**Instructions for the task**
Repeat all of the data below word for word, keeping no images.
======== Available data ========
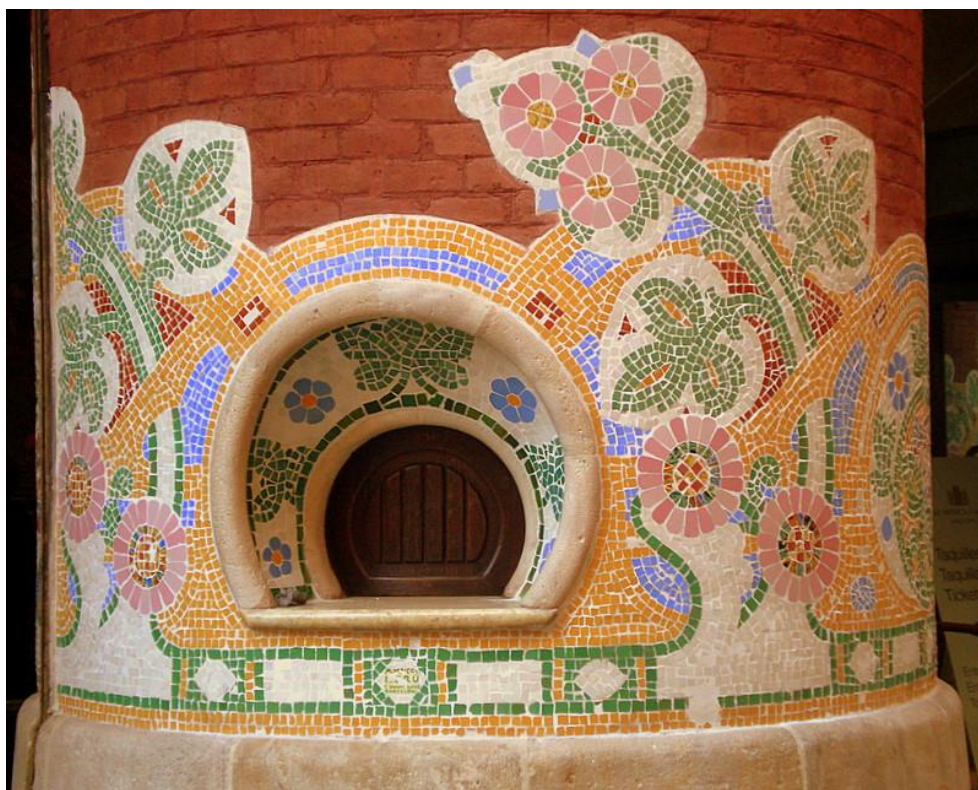
Figura 25: Taquilla con mosaicos. s. XX. Lluís Domènech i Montaner. Palau de la música catalana.
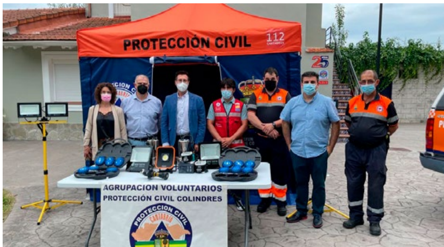
Autoridades y voluntarios de Protección Civil.
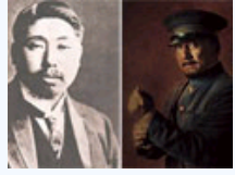
辛亥革命演员原型对比
========
**Output for this task**
Figura 25: Taquilla con mosaicos. s. XX. Lluís Domènech i Montaner. Palau de la música catalana.
Autoridades y voluntarios de Protección Civil.
辛亥革命演员原型对比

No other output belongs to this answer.